Carbon Synthesis: Spatial Dissonance @TheBirleyStudios
29 Mar 2026
“First came the Wind, then Reindeer, then Humans” Leena Valkeapää (2024)
I am delighted to have just curated and installed a new exhibition of works at The Birley Artist Studios in Preston.
The Carbon Synthesis project evolved during 2020, I was honoured to be working with two artists Dr Donna Franklin (AU) and Dr Sarah Robinson (AU). Together we shared collaborative conversations exploring how creative arts practice can reveal invisible narratives and innovative ways of witnessing climate change.
In September 2024 we were lucky enough to join the International Ars Bioarctica artist residency programme in northern Finland, a long-term art-science initiative hosted by Kilpisjärvi Biological Station of the Faculty of Biological and Environmental Sciences, University of Helsinki.
Ars BioArctica blog
The sub-arctic Kilpisjärvi region is a litmus paper for highlighting impacts of global disturbances on northern and southern ecosystems. Carbon Synthesis: Spatial Dissonance explores and reveals invisible narratives and micro-environments, requiring us to feel and see in new ways. Specifically, this joint project explored a sub-arctic landscape which resisted being fully understood and challenged our usual perceptions, imagination and human timescales. Likewise, by its very nature bioarts contests anthropocentricity and generates ecological empathy. Through nuanced encounters with other beings, provocation and questioning, it refuses to reduce life to a capitalist bioresource.

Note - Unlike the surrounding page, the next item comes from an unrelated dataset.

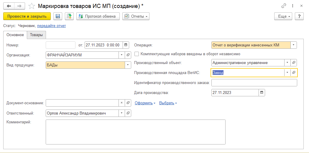 В документе Импорт продукции ФГИС "Сатурн" указывается организация и место хранения по классификаторам ФГИС "Сатурн", а также сопоставленные с ними соответствующие значения по данным информационной базы в виде гиперссылки. Также на закладке основное указывается документ-основание, отражающий операцию в учете, номер ТТН и дата получения. На закладке Товары указывается ПАТ, партия, количество по данным ФГИС "Сатурн", а также номенклатура и серия по данным информационной базы.

Informed by ecology, geology, culture, and politics, this exhibition brings together new artworks and installations created through entangled approaches to research undertaken on Sáná Fell, Malla nature reserve, Kilpisjärvi Lake and surrounding birch forests. Gilbbesjávri/Kilpisjärvi in Sápmi is the cultural region of the Sámi people, stretching across the state borders of Norway, Sweden, Finland and Russia. A site of intense observation and international attention, it is perceived as a landscape which holds both clues and answers for our most pressing global environmental questions.
As part of the new works I created for this project I have worked with LuminXR to develop a new installation activated by AR. Valuable R&D time with Tor and Diego has enabled the AR software to be developed to activate my print installation. Using unique software the resonance image is animated using a Cymatics image from the sound of wind captured in Kilpisjarvi during my residency.
Carbon Synthesis : Spatial Dissonance runs until 12th April.